公式サイト: http://www.paycheck.jp/

 記憶を売った報酬= 19 個のガラクタ。すべてのカギはここにある――。ババーン! フィリップ・K ・ディック(『トータル・リコール』『スクリーマーズ』など原作)短編小説を、ジョン・ウー(『狼たちの挽歌』とか)監督で映画化、となると滅茶苦茶面白そうですが、不安材料といえば主演がベン・アフレック! 製作がドリームワークス! 前半、ヒネリの効いた展開はディックっぽいんで(何?)、事前情報なしでのご鑑賞をオススメします。

 以下、ネタバレ含みます。

 まず、基本設定からして納得がいかないのです。ベン・アフレックは凄腕技術者で、っていきなり度肝を抜かれましたが、新技術が投入された製品を買ってきて分解、解析、より高性能なバッタモンを作る仕事をしており、製品を仕上げたら雇用主との契約で作業期間の記憶を消されてしまうのであった。

 ここで、なぜ、普通の「守秘義務」ではダメなのか? どうしてわざわざ記憶を消さねばならないのか? との疑問がむくむくと真夏の積乱雲のようにわき起こります。開発者の記憶が無くなってしまったら、製品に不具合が発生してバグ取りするとき、ひと苦労じゃないですか? 「ここの配線どうなってるの?」「……んーー、忘れちゃった!!」って感じで。それとも売りっぱなしでユーザーサポートしないつもりか?

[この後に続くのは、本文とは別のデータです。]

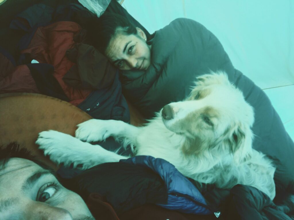 Obschon es nicht viele Kilometer waren bis zum Tagesziel, war der Weg sehr anspruchsvoll. Vor allem Mojo musste sein ganzes Geschick einsetzen, um unbeschadet über die vielen grossen Geröllbrocken zu gelangen. Irgendwann tauchte der kleine See dann aber doch noch auf und wir nutzten den Komfort der kleinen Schutzhütte, um uns bei Windstille einen Tee zu kochen.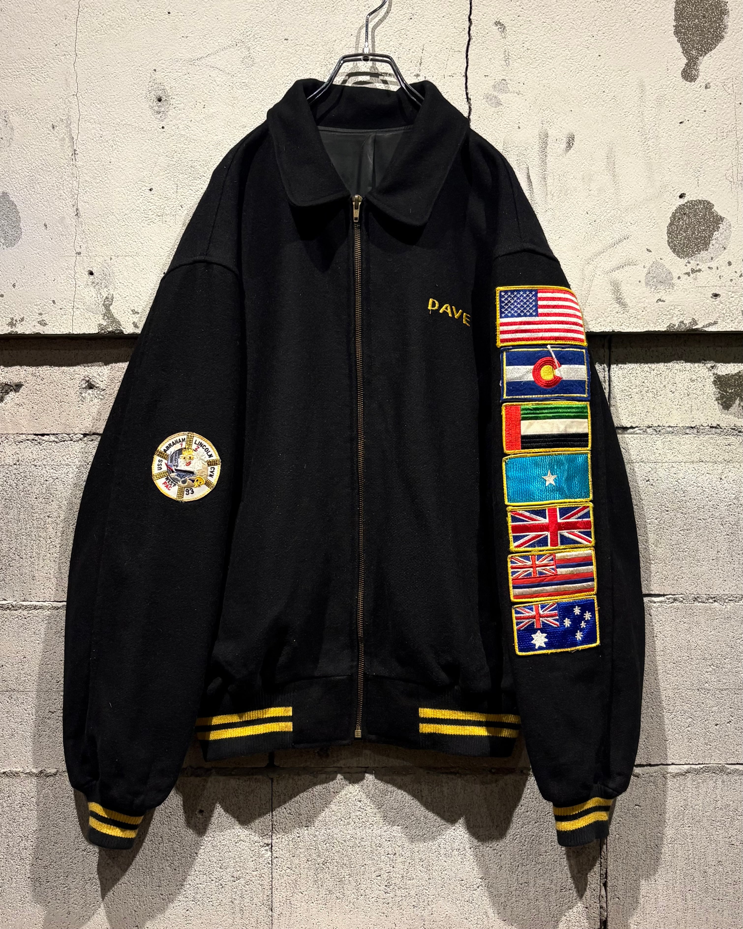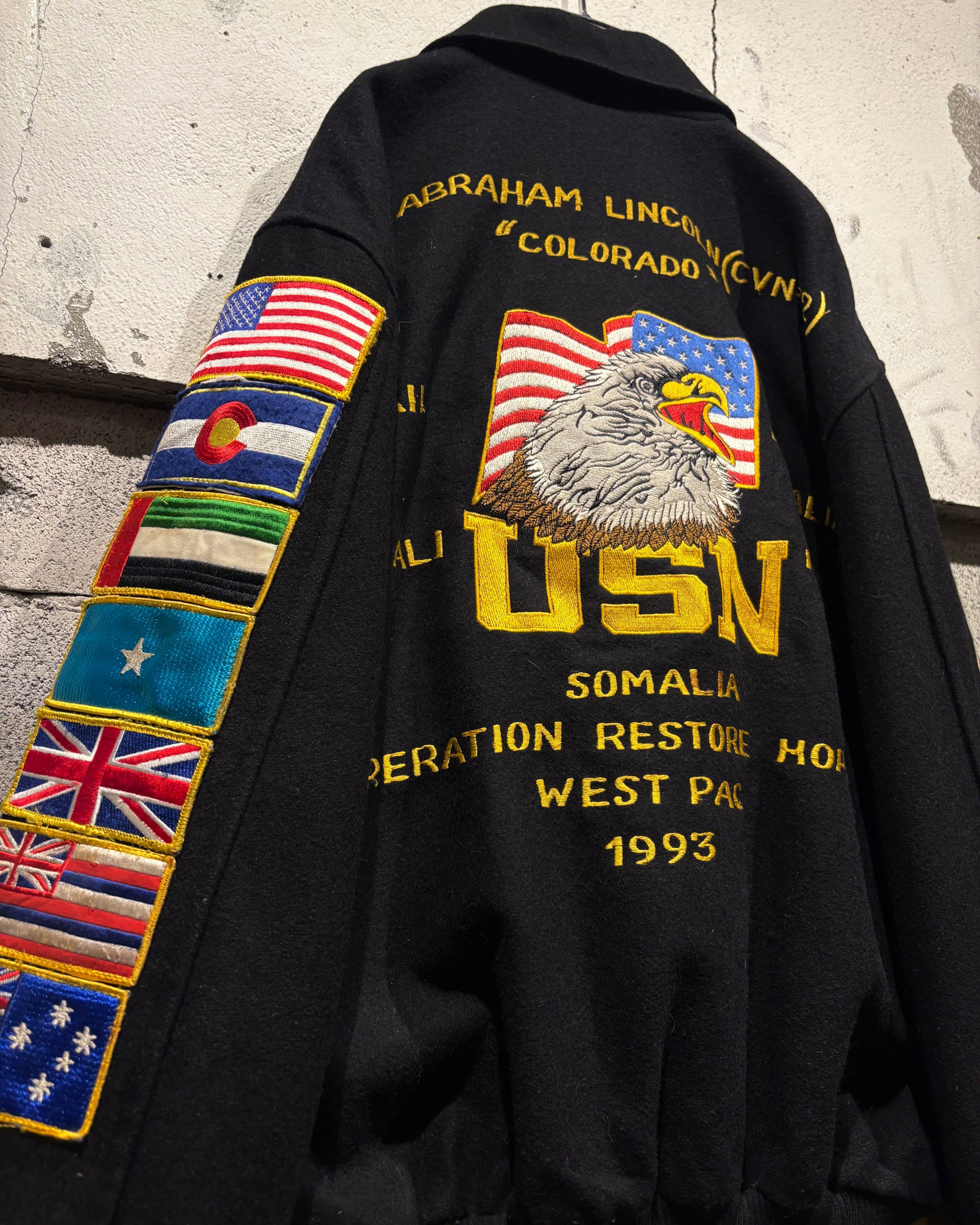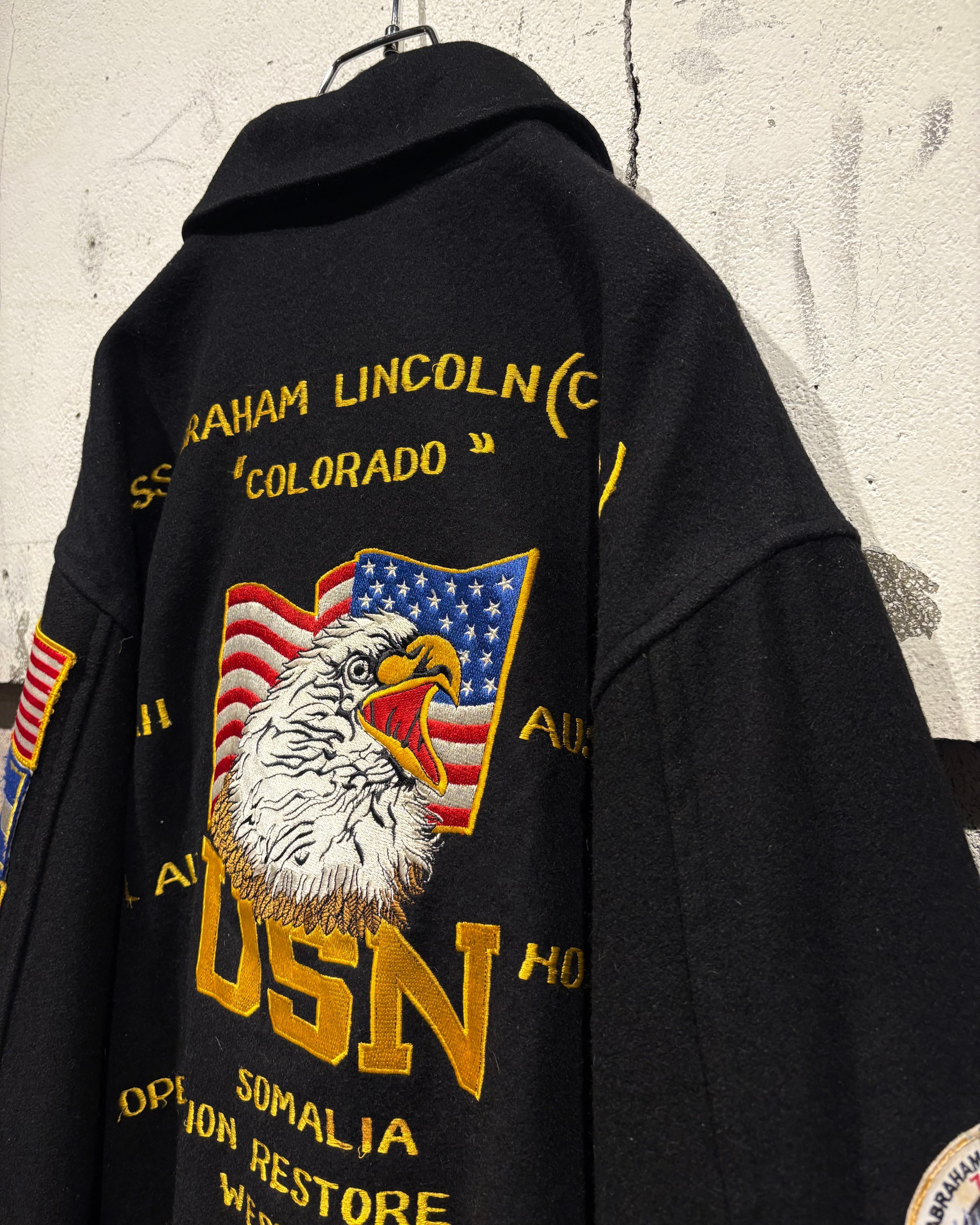 ブラックボディをベースに、フロントは比較的抑えた表情でまとめつつ、最大の見どころは袖からバックにかけて贅沢に施された刺繍。バックにはアメリカ国旗を背にしたイーグルモチーフとUSNのロゴ、艦名や作戦名、年代が丁寧に刺繍で表現されています。袖の国旗ワッペンも◎

 このへんは、いかにもドリームワークス的で、耳目を集める企画でダーン! と宣伝をうってそこそこ客を集めればそれでよし、肝心の作品はバグだらけでもそれなりに仕上がっていればよい、って感じ? 大抵の観客は細かいこと気にしないしー、みたいな? ちなみに脚色は、ディーン・ジョーガリス。『トゥームレイダー 2』の人です。ダメだこりゃ!(いかりや長介さんのご冥福をお祈りします)

 このディーン、なんでも政治映画の傑作、というか北朝鮮の洗脳スパイを描いた異様な映画『影なき狙撃者』(1962 年ジョン・フランケンハイマー監督、ヴィデオタイトル『失われた時を求めて』)のリメイク版脚本も担当しておられます。このリメイク版はジョナサン・デミ監督、デンゼル・ワシントン+メリル・ストリープ主演で面白そうなんですけど、脚本がディーンか……。ダメだこりゃ!

 そんなことより、原作は文庫本『パーキー・パットの日々』収録の『報酬』。読んだ記憶が消されてましたが、映画を見ている間によみがえってきました。原作では、2 年間、外部から遮断された研究施設で研究・開発にたずさわり、その施設は超極秘なので何も持ち出せず、記憶すら消されてしまうという契約で、しかし、特例があって、現金“報酬”を受け取る代わりに、ガラクタを持ち出すことができる……みたいな設定で、「記憶を消す」設定に一応説得力があるし、「主人公がなぜ現金報酬でなくガラクタ持ち出しを選んだか?」という謎をダーン! と提示し、ボチボチ謎解きしていくトンチ的面白さがあったのですけど、どうやら脚本担当ディーン氏、「原作の何が面白いのか?」がわからなかったようです。研究施設をもの凄い謎の場所として設定しないと、「記憶を消す」「ガラクタしか持ち出せない」というアイデアが生きてこないじゃないですか。それに、原作では 7 ヶのアイテムがジェームズ・ボンドの秘密兵器よろしく意外なところで活躍するのが面白いんですけど、映画では 19 ヶに水増しされており、何でも増やせばいいってもんでなく、面白いのは最初の 2 〜 3 ヶ、だんだんどうでもよくなってくるのであった。

 しかしさすがドリームワークス、そんなツッコミをヒラリとかわす奇策に出たのであった。それはベン・アフレックだ! ベン・アフレックならば「守秘義務」契約を結んでいても、酒場で女子をくどいて「オレ、こないだ○○社に雇われてさー、ものすごい秘密の開発してさー、ん? あの立体テレヴィはオレがパクって開発したんだぜ! 原理は……」とベラベラしゃべってしまいそうなんで、そりゃ誰だって記憶を消してやりたくなるのは当然。

 また、高額報酬の「記憶を消す」開発を何度もくり返さねばならないくらい身持ちの悪いヤツを演じられるのはベン・アフレックだけだ! それに映画では、現金報酬を断ってまでガラクタを受け取る意味がよくわからないしー、そんなウッカリさんもベン・アフレックにピッタリ、って感じですね。

 そんなベンのことはどうでもよくて、ディックの原作とは全然お構いなしにいつもの痛快アクションを炸裂させるジョン・ウーはやっぱり偉い。というか、こういう設定の阿呆さは香港映画っぽくてよろしいんじゃないかと。アクションシーンは普通ですけど、前半、ベン・アフレックがアッチコッチ逃げ回るのはヒッチコック『北北西に進路を取れ』風で面白かった。

 しかし、ジョン・ウーに、こんな SF 仕立てアクション、しかも「男の美学」とは無縁な(失礼)ベン・アフレック主演で撮らせるなんて勿体ない話です。というか、そもそもこれまでジョン・ウーがアメリカで監督して面白かった『ブロークン・アロー』『フェイス・オフ』にしてもトラヴォルタの悪役っぷりが最高だったわけで、アクション映画不毛の地=アメリカではジョン・ウーはいたずらに才能を浪費するだけです。そりゃアメリカ映画を撮る方がしこたま儲かるかもしれませんが、ジョン・ウーはとっととアメリカに見切りをつけていただきたいな、と一人ごちたのでした。ユマ・サーマンも、すっかり“美人女優”を脱却、アクション女優として出演してますのでオススメです。